Experimental animals infected with herpes simplex virus type I (HSV I) develop many features of herpetic infection observed in man including: acute disease (Kastrukoff et al., 1982) , latent infection of the peripheral nervous system (PNS) (Cook and Stevens 1973) , and viral nucleic acid sequences in the central nervous system (CNS) (Cabrera et al. 1980; Rock and Fraser 1983) . Of interest is the ability of HSV I to induce CNS demyelination in mice following peripheral inoculation with virus. The lesions, which are characterized by demyelination, relative preservation of axons, and a mononuclear cell (MNC) infiltrate, were originally identified in Balb/c mice and thought to be restricted to the trigeminal root entry zone (TREZ) of the brainstem (Kristensson et al. 1979; Townsend 1981) . Recent studies however, indicate that other murine strains (A/J, SJL/J, and PL/J) develop multifocal brain demyelination (MBD) following lip inoculation with HSV I (Kastrukoff et al. 1987 . Kastrukoff et al. 1992 ). All three murine strains develop acute stage MBD. This phase is characterized by the sequential appearance of lesions (TREZ > brainstem > cerebellum > cerebral hemispheres) beginning 6 days post-infection (PI) and ending by day 24 PI (Kastrukoff et al. 1992) . In addition, A/J and PL/J mice develop chronic stage MBD where new lesions appear sporadically throughout the brain for up to 8 weeks PI in the former and beyond 28 weeks PI in the latter strain (Kastrukoff et al. 1992) .

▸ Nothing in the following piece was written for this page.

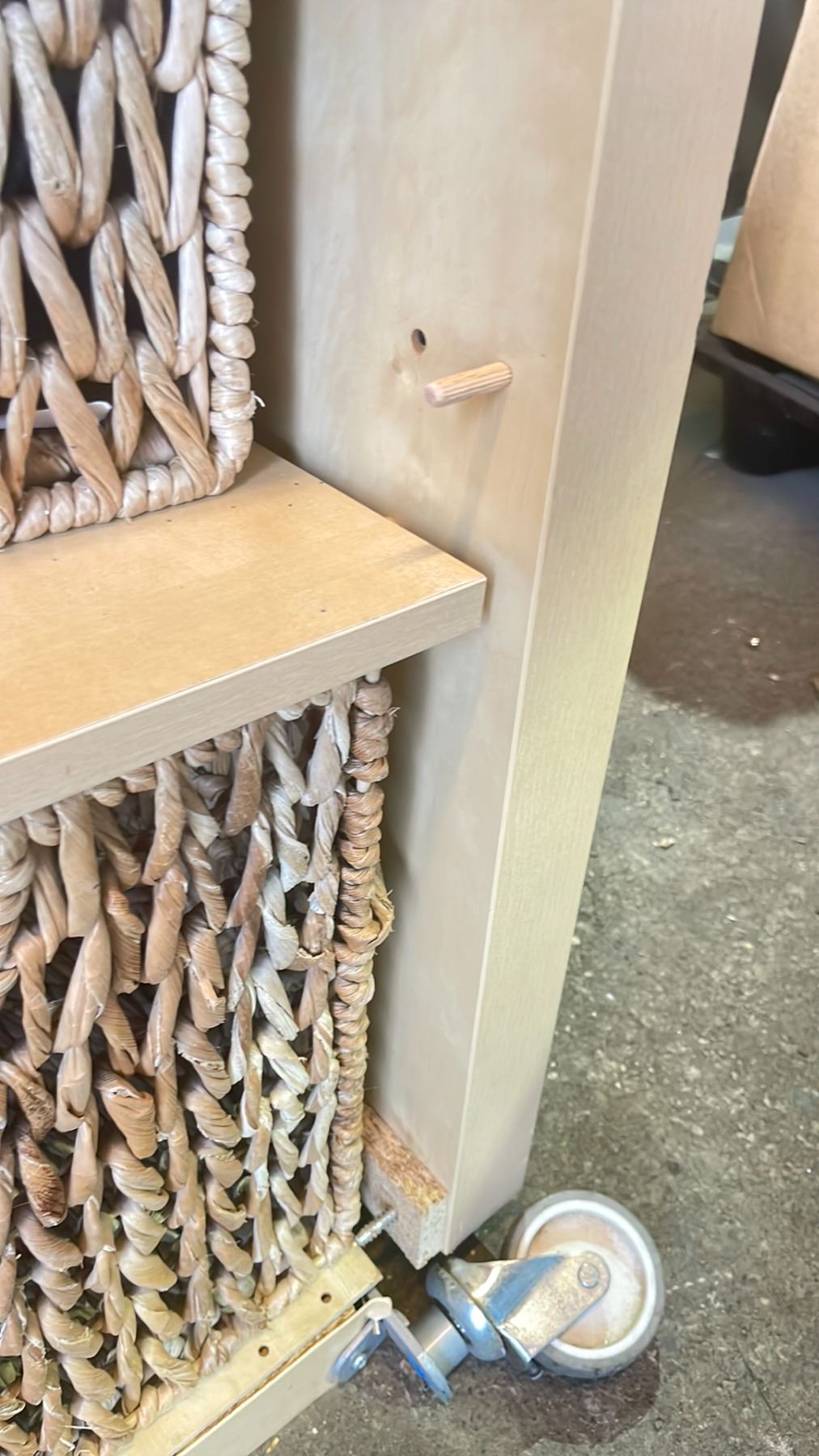 MOBILE STORAGE UNIT WITH 8 WOVEN STORAGE BIN & CONTENTS 59"W X 15.5"D X 36"T *WHEELS NEED TO BE REATTACHED/MUST TAKE ALL*

Although the mechanisms mediating the development of HSV I induced brain demyelination are not well understood, the sequential spread of virus throughout the brain during the first 12 days PI appears to be a prerequisite for the development of MBD in A/J, SJL/J, and PL/J mice (Kastrukoff et al. 1987; Kastrukoff et al. 1992) . In C57BL/6J mice, virus is limited to the TREZ and MBD does not develop (Kastrukoff et al. 1987) . The presence of virus throughout the brain is not the only factor determining the development of MBD. In Balb/cByJ mice, virus spreads sequentially throughout the brain, with viral titers equal to those found in A/J mice, but demyelination is restricted to the TREZ (Kastrukoff et al. 1987) . The presence of MNCs in the demyelinating lesions suggest that the immune system is also an important factor (Kastrukoff et al. 1989) .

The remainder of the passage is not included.